(Stored data)
---
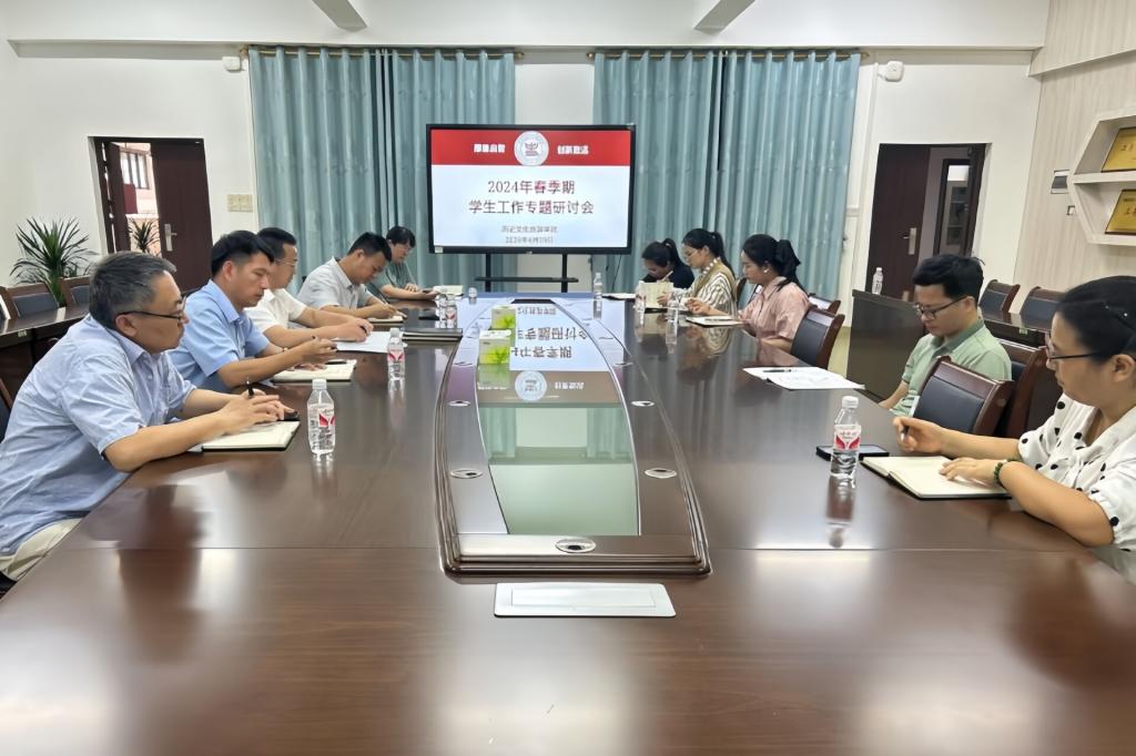 为提升学生思想政治教育工作质量和水平,推动学生工作高质量发展,4月19日下午,历史文化旅游学院在我校东校区至善楼509会议室召开2024年春季学期学生工作专题研讨会。该院领导班子、院长助理及全体辅导员参加本次会议。会议由该院党委副书记严耀燕主持。
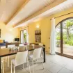 Zona pranzo interna ed esterna, due camere matrimoniali con bagno privato con vasca, una camera doppia o matrimoniale con bagno con doccia adiacente.
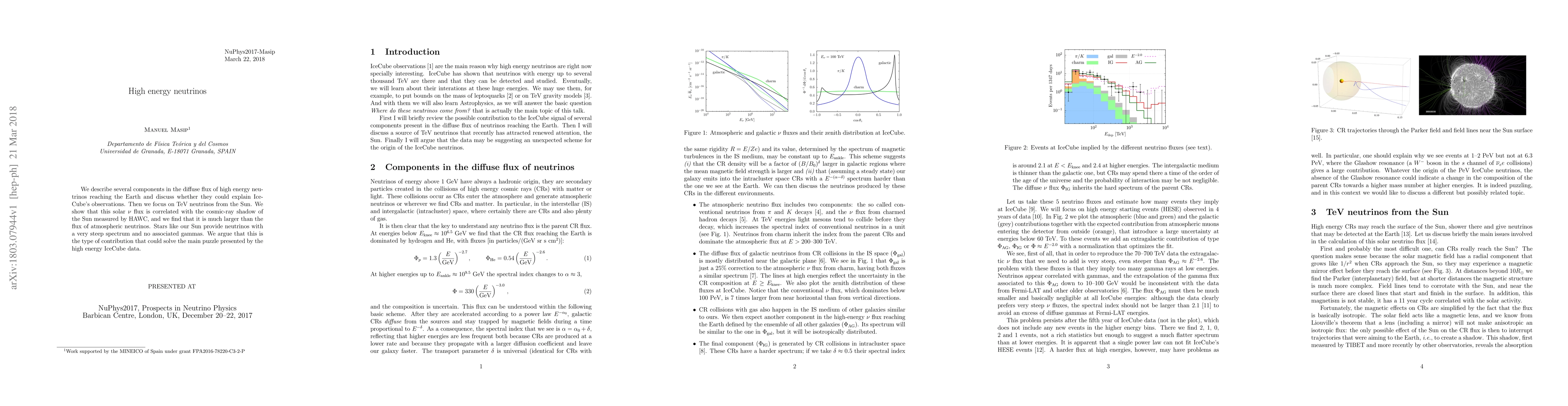 We describe several components in the diffuse flux of high energy neutrinos reaching the Earth and discuss whether they could explain IceCube's observations. Then we focus on TeV neutrinos from the Sun. We show that this solar neutrino flux is correlated with the cosmic-ray shadow of the Sun measured by HAWC, and we find that it is much larger than the flux of atmospheric neutrinos. Stars like our Sun provide neutrinos with a very steep spectrum and no associated gammas. We argue that this is the type of contribution that could solve the main puzzle presented by the high energy IceCube data.
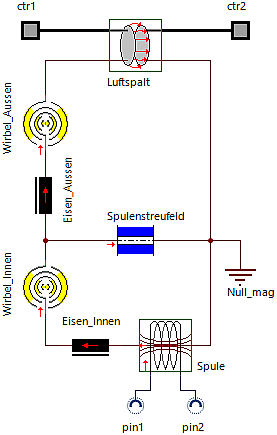 - Der äußere Eisenabschnitt liegt in der Modellstruktur parallel zum Spulen-Streufeld. Bei schnellen Flussänderungen bewirkt das Wirbelstrom-Element ein Vergrößern des magnetischen Widerstandes des Eisen-Flusszweiges. Der magnetische Fluss wird damit durch das Streufeld der Spule "gedrückt" und geht damit dem eigentlichen Arbeitskreis für diese Zeitspanne verloren.
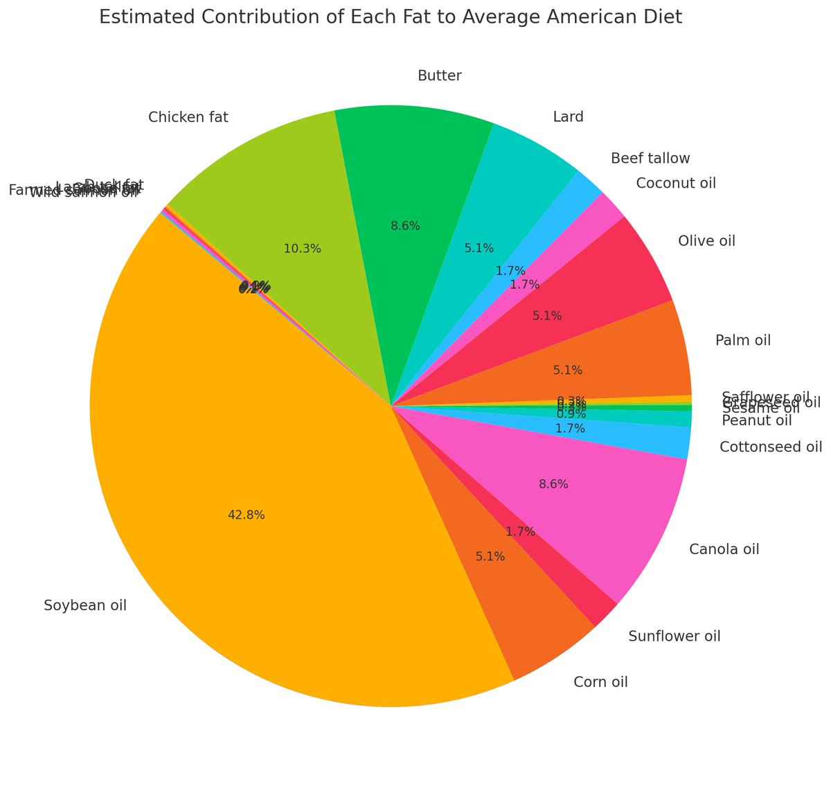 You might ask - okay so I know the composition, but what about the average American diet, what fats do they eat? Quite a lot of seed oils and chicken fat. @ZeroAcreFarms @bigfatsurprise @garytaubes 2/13
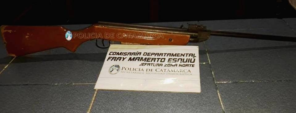 En el lugar, sorprendieron a dos niños de 14 años, llevando un rifle de aire comprimido calibre 5,5 marca Leslie, de color marrón, sin la documentación correspondiente.
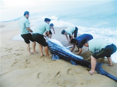 据了解,鲸鲨属国家二级保护动物。6月20日18时29分,黎安边防派出所接到群众举报称:在黎安边防辖区后海坡海滩发现一只搁浅鲸鲨,请求救助。接警后,该所迅速出动6名警力,带上相关救援装备立即奔赴现场救援。
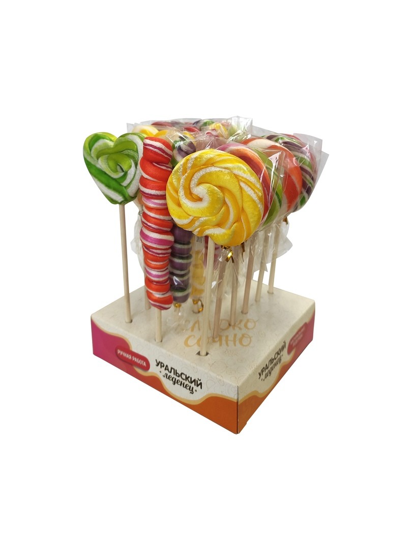 Параметры конфеты: Вес 50 гр. Высота 9 см, ширина 5 см. Палочка деревянная: длина 8 см, ширина 3 мм. Леденец упакован в индивидуальный полиэтиленовый пакетик.
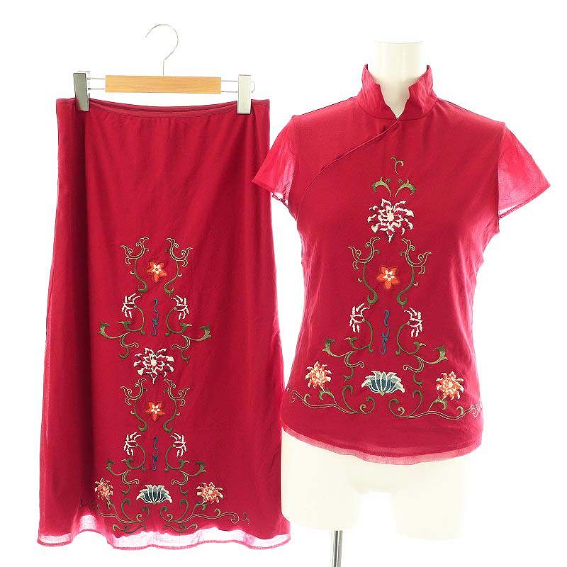 フラワー刺繍 パワーネット チャイナニット スカート セットアップ
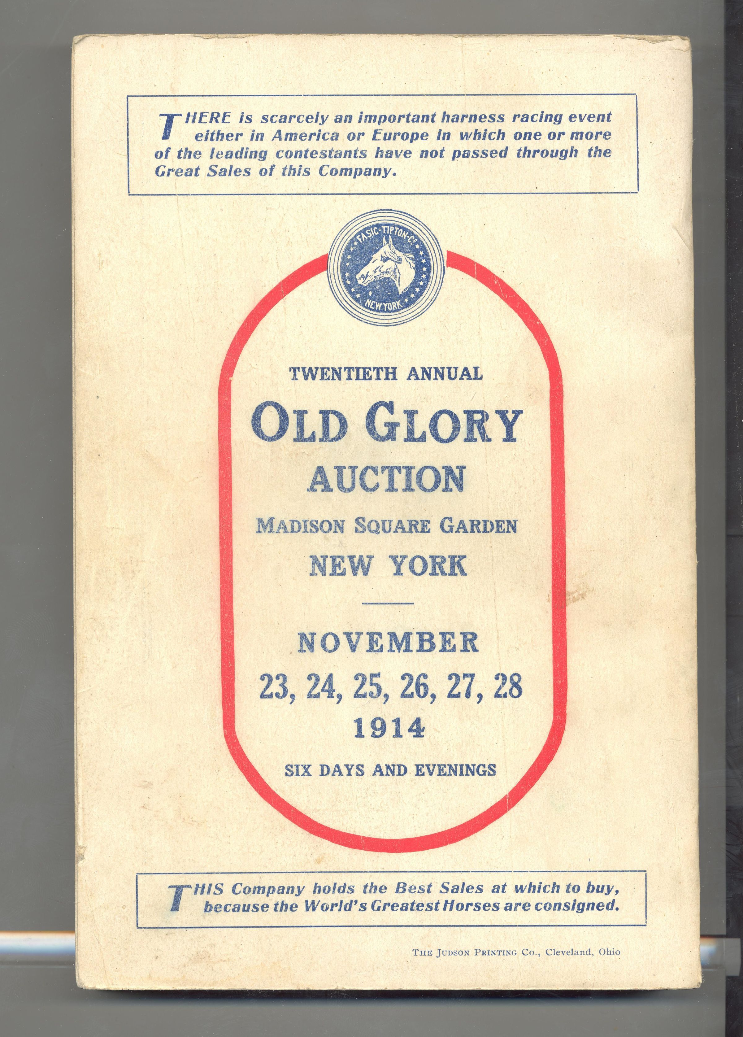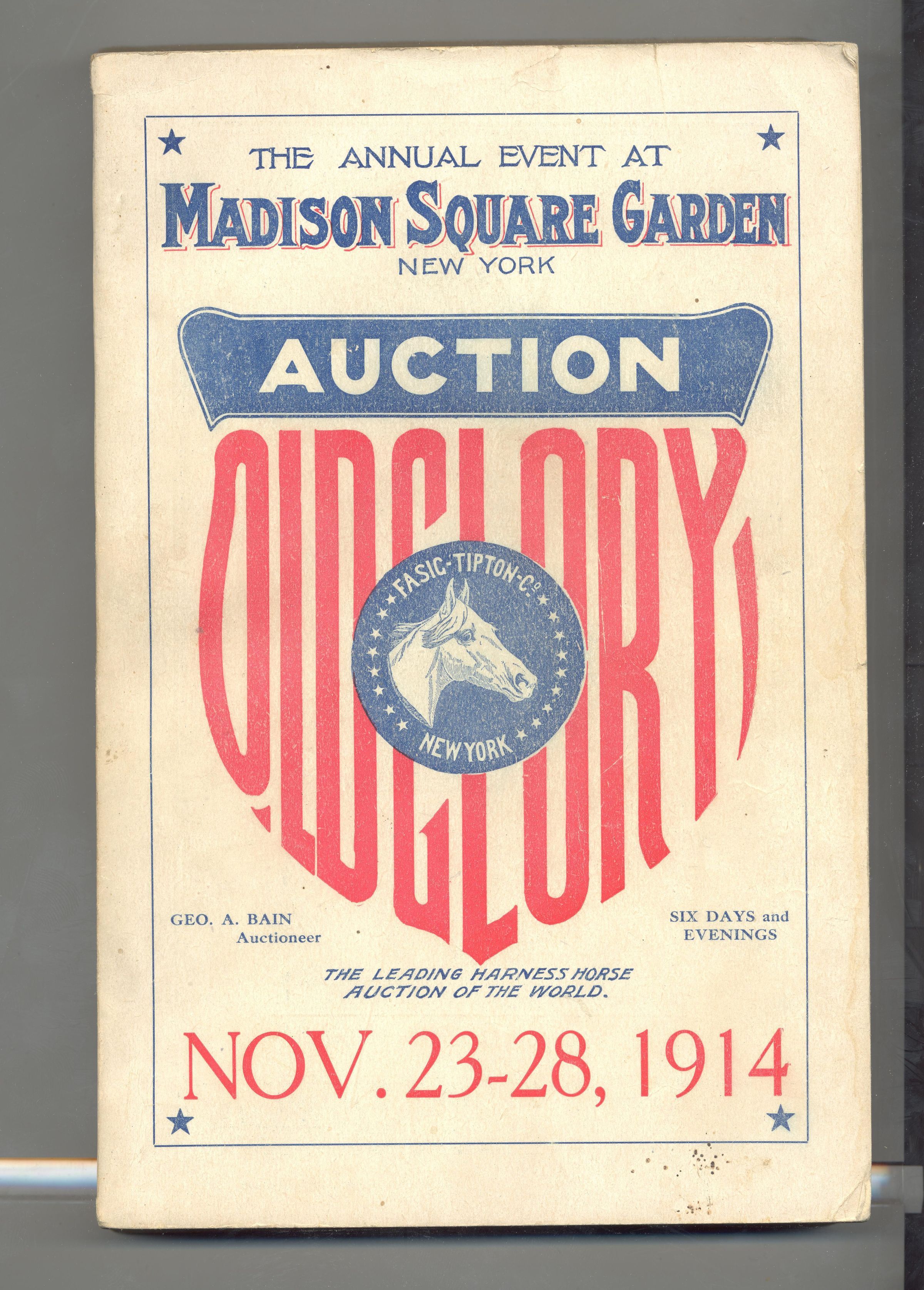 CAT, HORSE, 1914, NY. OLD GLORY HORSE AUCTION, "THE LEADING HARNESS HORSE AUCTION OF THE WORLD" FASIG-TIPTON CO, GEORGE BAIN, AUCT. 6" X 9" X 1" PAGES NOT NUMBERED.Created By
---
**AIM OF THE TASK:**
Only the lines from the one holding "You might ask" through the end of the data are to be printed, exactly as they stand and with no pictures.

**WRITTEN RESPONSE:**
 You might ask - okay so I know the composition, but what about the average American diet, what fats do they eat? Quite a lot of seed oils and chicken fat. @ZeroAcreFarms @bigfatsurprise @garytaubes 2/13
 En el lugar, sorprendieron a dos niños de 14 años, llevando un rifle de aire comprimido calibre 5,5 marca Leslie, de color marrón, sin la documentación correspondiente.
 据了解,鲸鲨属国家二级保护动物。6月20日18时29分,黎安边防派出所接到群众举报称:在黎安边防辖区后海坡海滩发现一只搁浅鲸鲨,请求救助。接警后,该所迅速出动6名警力,带上相关救援装备立即奔赴现场救援。
 Параметры конфеты: Вес 50 гр. Высота 9 см, ширина 5 см. Палочка деревянная: длина 8 см, ширина 3 мм. Леденец упакован в индивидуальный полиэтиленовый пакетик.
 フラワー刺繍 パワーネット チャイナニット スカート セットアップ
 CAT, HORSE, 1914, NY. OLD GLORY HORSE AUCTION, "THE LEADING HARNESS HORSE AUCTION OF THE WORLD" FASIG-TIPTON CO, GEORGE BAIN, AUCT. 6" X 9" X 1" PAGES NOT NUMBERED.Created By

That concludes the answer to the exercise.